Beyond Access: Flourishing in Sacred Spaces

Sunlight streams through the stained glass windows of King’s College Chapel, illuminating the intricate details of the fan vaulted ceiling.
Access is something that has so many different dimensions for different people. It’s not a one-size-fits-all experience.
— Prof. Julia Watts Belser

A community’s sacred spaces—whether religious or secular—are, in many ways, a physical reflection of its beliefs and values. They represent fellowship, belonging, spirituality, and unity. But sometimes these same spaces fail to represent a community’s values in a way that allows all members—and in particular, disabled people—to thrive. 

In her Religion and Disability class last spring, Professor Julia Watts Belser’s students worked with Ethics Lab to address questions of accessibility in sacred spaces and how they might redesign these spaces to make them more inclusive. 

“Access is something that has so many different dimensions for different people. It’s not a one-size-fits-all experience,” Belser says. “We asked ourselves: what does accessibility look like, but also what does it feel like? How do you know it when it’s there?”

The collaboration between Belser and Ethics Lab challenged students to dive into specific sites, both religious and secular, to analyze their accessibility. One aspect of the collaboration was inspired by an event at King’s College Chapel where Tristan Rimmer, a boy with autism, and Paul Rimmer, his father, were kicked out of a service; Tristan was vocalizing, and was seen as a disruption. 

“It was a really powerful case,” Belser reflects. “It runs counter to the explicit message of the church, which is ‘everyone is welcome here.’ And of course the implicit message is, ‘not everyone is welcome here.’”

“If the norm for services is everyone sitting, facing forward, paying attention, that’s not always friendly to someone with a disability,” says Marcello Antosh, a Postdoctoral Fellow at Ethics Lab who helped design the project. “Maybe it’s hard for you to sit still, to pay attention. If you’re autistic, like Tristan Rimmer, maybe you’re vocalizing.”
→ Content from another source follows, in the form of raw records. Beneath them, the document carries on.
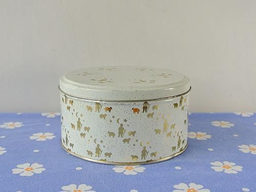 白地に金色の羊飼い柄のプリントされた缶です。
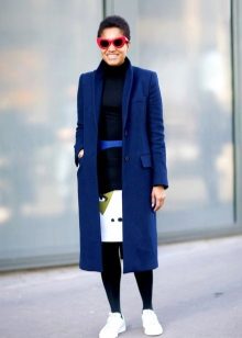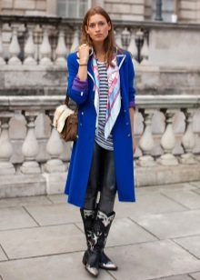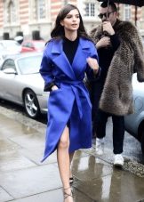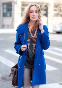 When choosing a blue coat of the required length, consider what items of your wardrobe do you plan to wear with it:
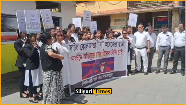 Siliguri, 04th July: Protests continue across the state over the Kasba gangrape incident, with lawyers from the Siliguri Court also joining in. On Thursday, the Siliguri Bar Association organised a protest within the court premises, demanding justice for the victim.
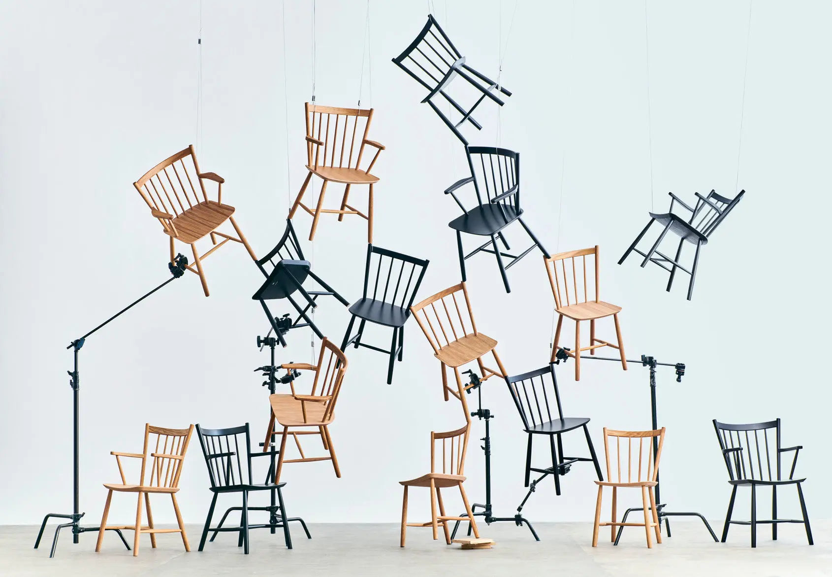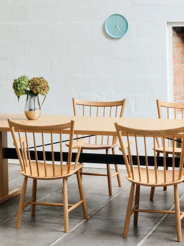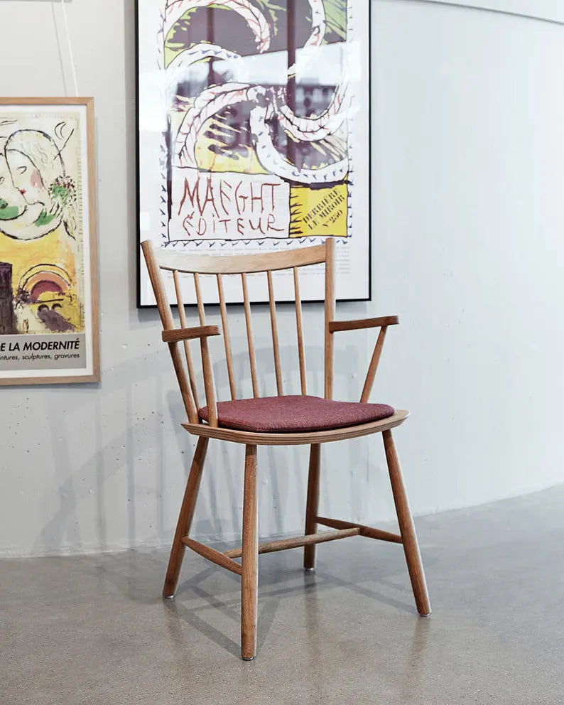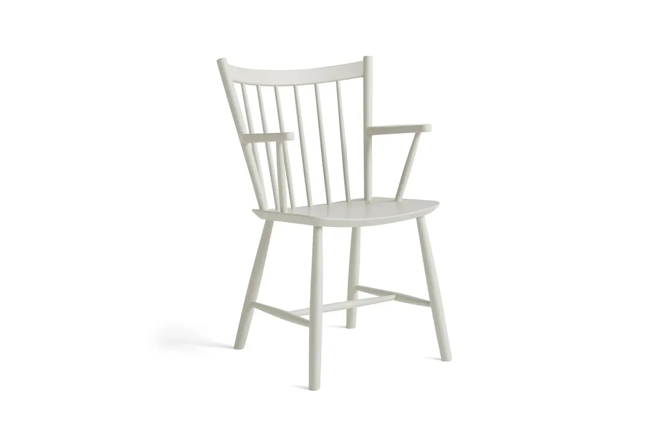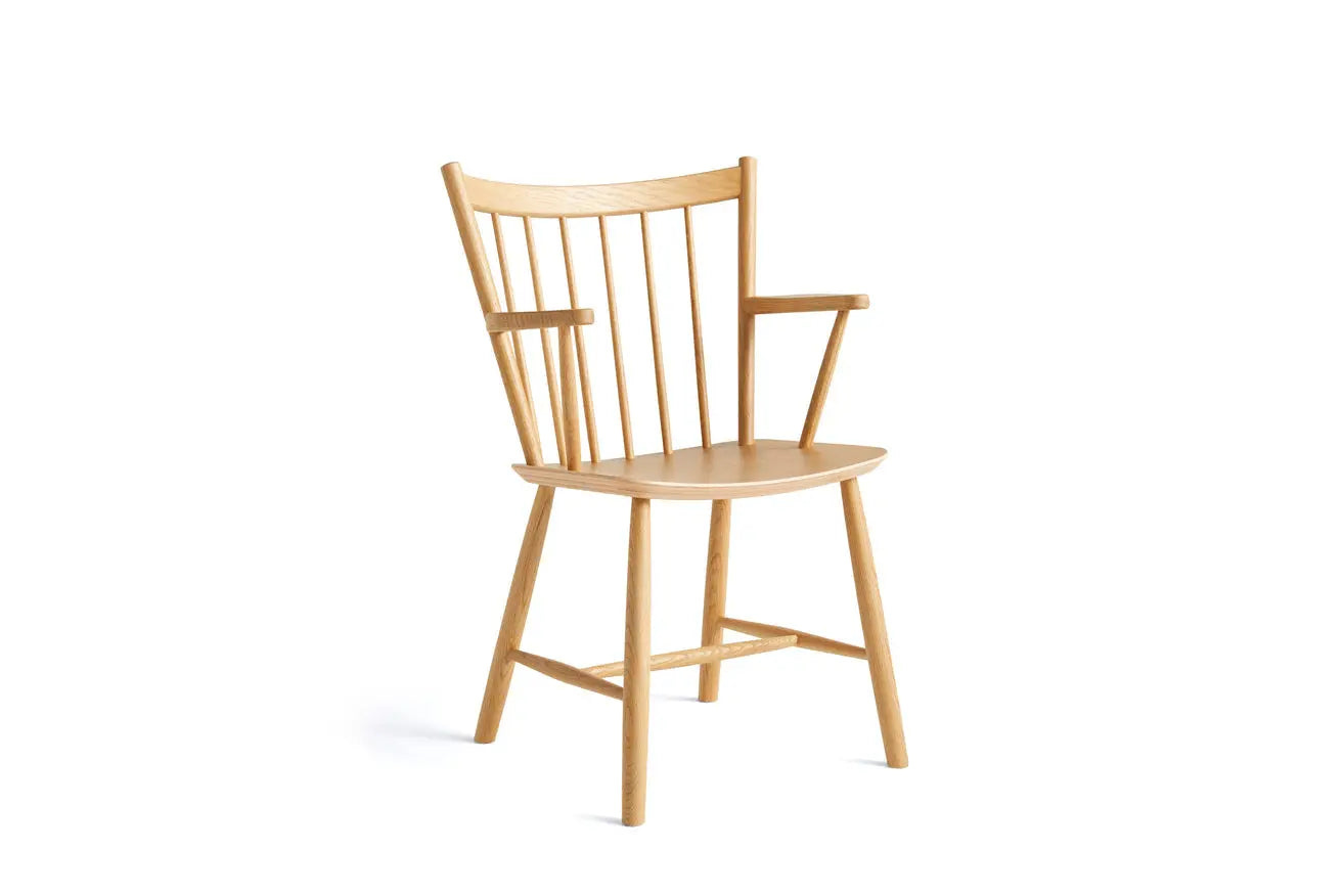 HAY がボーエ・モーエンセンの名作 J42 チェアを再現したこの椅子は、彼のデザイン哲学をはっきりと反映しています。シンプルな水平線と垂直線による正確な比率で、湾曲したスピンドルの背もたれと角張った肘掛けが作られています。無垢材で作られたこのデザインは、時代を超えた品質で、いつまでも快適です。オーク材またはブナ材で、さまざまなオイル仕上げ、ナチュラル仕上げ、カラー仕上げからお選びいただけます。
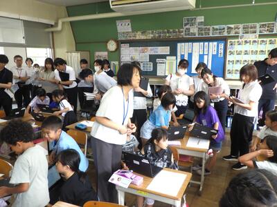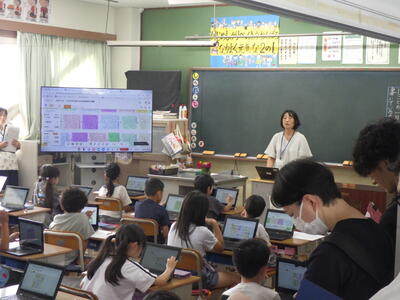 今日は市と県の教育委員会の先生方が、子どもたちと先生方の授業を参観する日です。子どもたちも緊張気味ですが、先生方も授業の内容や方法について成果や課題を話し合うので、とても緊張します。主に生活科や総合が中心に授業を公開しましたが、どの学年も活発な話し合いや活動を観ていただくことができました。
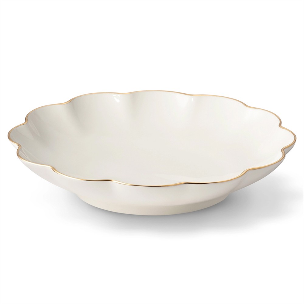 • Perlemor Coastal Beach Beige Porcelain Serving Bowl|Kathy Kuo Home
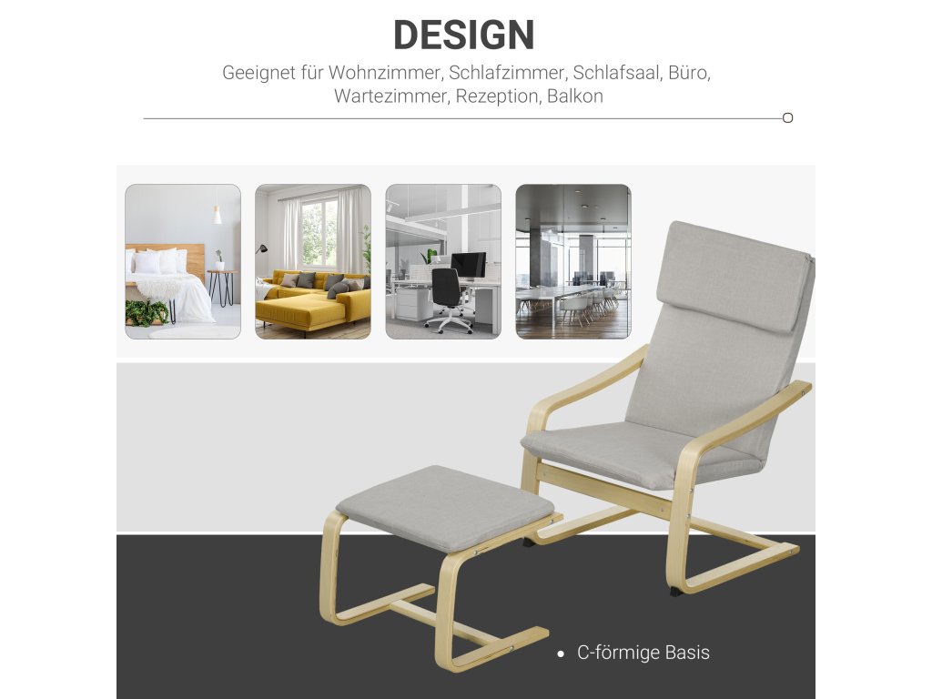 - Jednoduchý a klasický design: sada křesel pro odpočinek sestávající z křesla a podnožky. Vnější materiál ve vzhledu lnu a dřevěný rám ve tvaru písmene C dělají z této soupravy křesel dekorativní variantu posezení do obývacího pokoje, ložnice a mnoha dalších prostor.
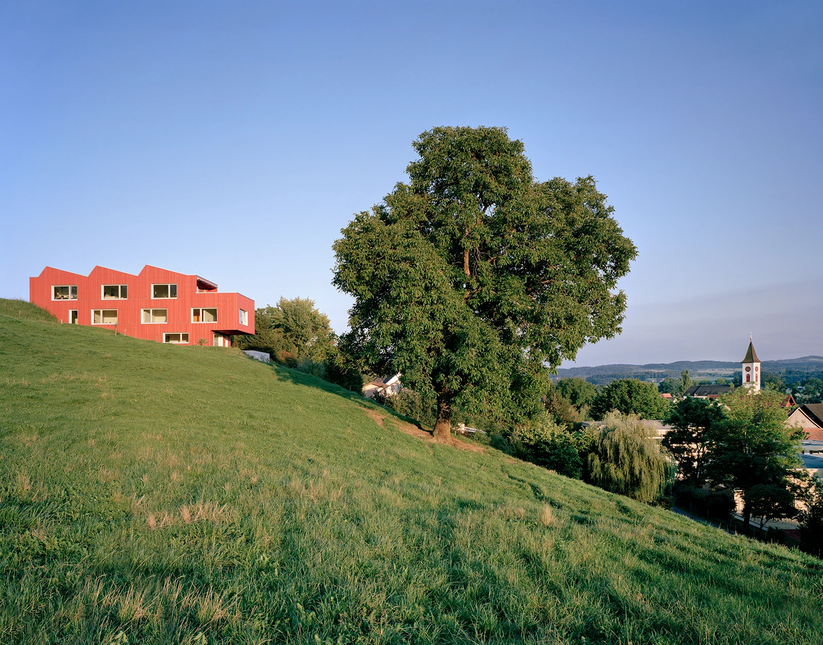 A house sits on an incline at the periphery of Üsslingen. The home is built as a sustainable, prefabricated timber structure atop a pre-cast concrete basement.
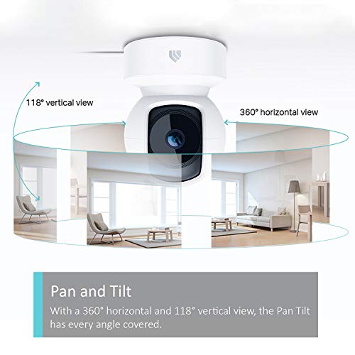 PAN AND TILT The Kasa Spot Pan Tilt indoor security camera is perfect for wide-open living spaces and can rotate to cover multiple points in your room. With 360 rotational and 118 vertical views, the pan tilt camera can monitor every angle of any room.
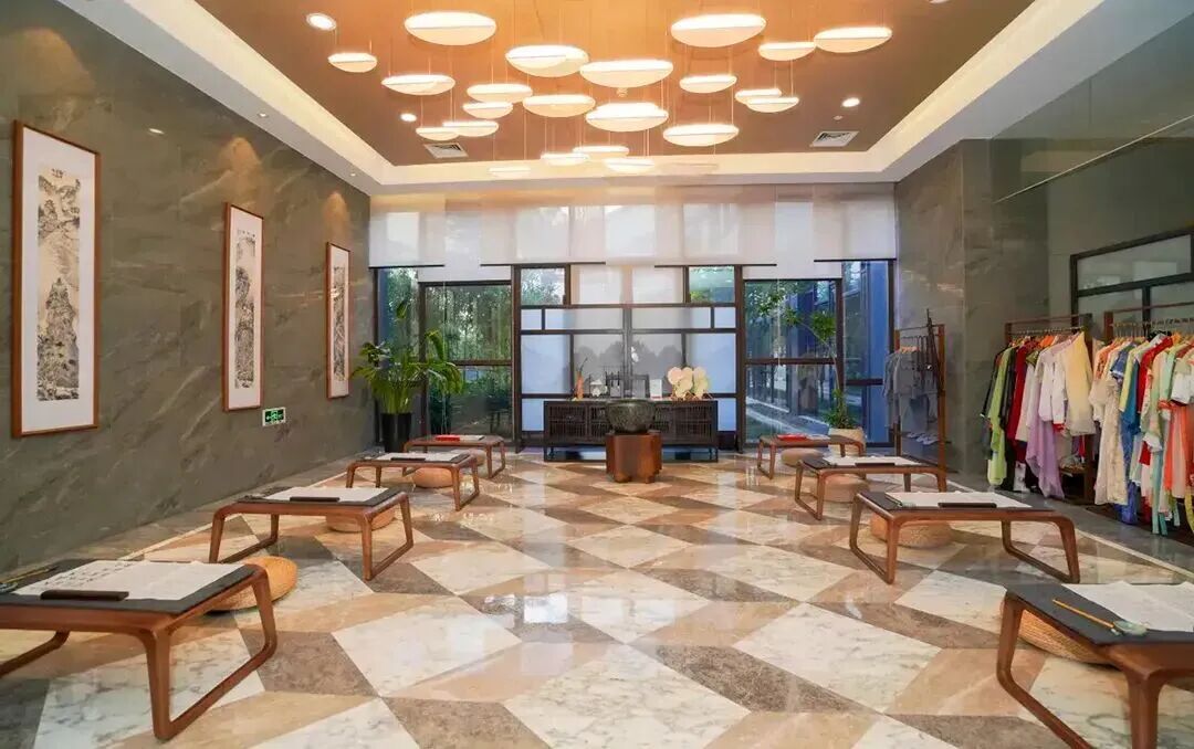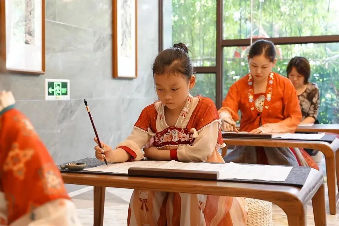 酒店休閑康樂配套也十分豐富,設有紅色書屋、靜心抄寫區,還可以體驗漢服以及手工活動,如漆扇等,大人孩子都能參與其中。

Students were first given a virtual tour of the church without knowledge of the Rimmer case, and asked to map out accessibility concerns for people with disabilities. Most focused on wheelchair accessibility at first. After becoming acquainted with Tristan’s case, students were asked to reconsider their initial maps in light of broader concerns about disability and access. By examining the church through the experiences of others, students discovered both physical and mental barriers to access that they hadn’t initially considered.

“Whose bodies are allowed to be where in space?” asks Belser. “Where is the center point? Who gets to go there? Cathedrals, for example, are spaces where you can see how clearly power is marked out, in terms of who has access to what space. Who has access to the altar? Who gets to be close, who has to be far away?”

 
Prof. Julia Watts Belser gestures at a floor plan as she discusses the day’s activity with a group of four students.
 

With these questions in mind, students also conducted site visits at synagogues, meditation centers, Quaker meeting houses, coffee shops, and yoga studios. They examined the ways in which these spaces perpetuated exclusive practices, and considered how they could be more inclusive and accessible. 

While students were conducting these visits, the semester was disrupted by the pandemic, which sent them home in March. COVID-19 presented an unexpected opportunity for students to look at digital accessibility in a world that was suddenly physically inaccessible to everyone. 

“Power is a funny thing,” says Belser. “Wheelchair users, for example, have been asking for work-from-home and church-from-home options for years, but have been told ‘it’s too much, it’s too hard, it won’t work.’ This is bittersweet for a lot of folks. All of this access, in the space of two weeks, became available...but only because normative bodies, the majority culture, needed it.

“And is it going to go away again, as soon as most people are perceived to be able to go out and gather safely? What’s that going to feel like for those who are frustrated at being shut out of those spaces?”

Belser says she will incorporate these questions of digital access into her spring class, which will include another accessibility project co-designed with Ethics Lab.


This collaboration was made possible through the generous support of Matthew and Jenae Ruesch.